Capítulo 23

La orden de los Egregios

Nunca hasta ahora se había dignado Juan XXIV a abrir aquellas puertas que lo conducirían a un mundo nuevo, el cual transformaría a pesar de no desearlo. En él, los libros incunables, las vitelas de apariencia terrible y los pergaminos que escribieron santos desconocidos que no interesaba se supiera de su existencia, lo recibieron con el olor a cadáver que se descompone irremediablemente sin que nadie leyera su contenido antes de morir.

El Santo Padre se dirigió a una esquina donde descubrió una portada negra que tenía una cruz roja como símbolo del peligro que guardaba.

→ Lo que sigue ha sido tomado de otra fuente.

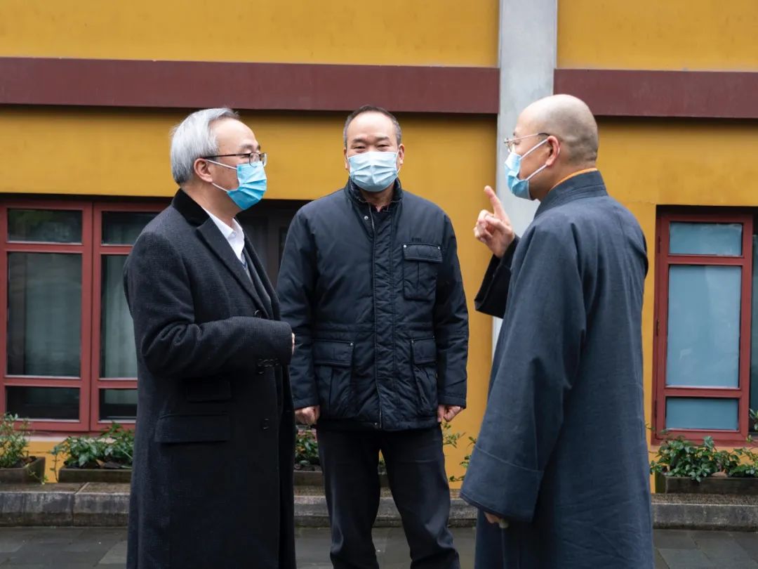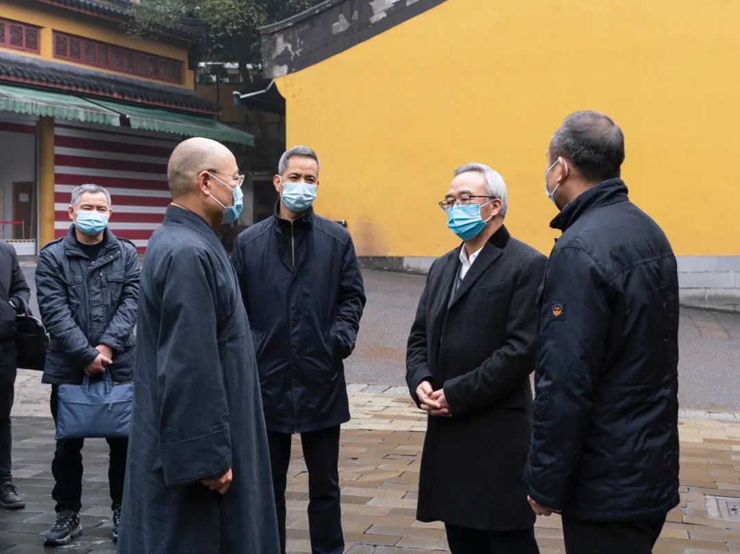 2022年1月25日上午,市委常委、统战部部长陈新华,在市委统战部副部长、市民宗局局长邵根松的陪同下,到灵隐寺检查春节安全和疫情防控等工作落实情况。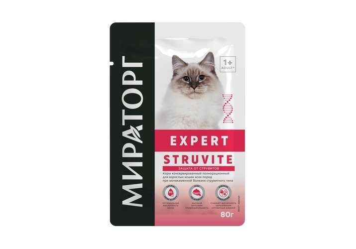 Мираторг Expert Struvite Влажный корм Паучи для взрослых кошек всех пород при МКБ струвитного типа (цена за упаковку) 85г х 24шт

La abrió con cuidado tras ponerse unos guantes de látex, y en ella vio escritas las letras más sorprendentes que jamás leyera. ¿Pues no dice que una Orden secreta busca desde antiguo acabar con la secta que se separa de la Iglesia verdadera? Él, tras pensar que esta iglesia es la católica, sufrió un espasmo al leer que quienes se separaron de los cristianos que morían en el Circo Máximo eran considerados apóstatas y crecieron como la mala hierba… No pudo leer más, ya que su alma se contrajo en un rictus de amargura al comprender…

Cerró de golpe aquella herejía, al considerarla así, y después la abrió de nuevo, pues deseaba llegar hasta el final.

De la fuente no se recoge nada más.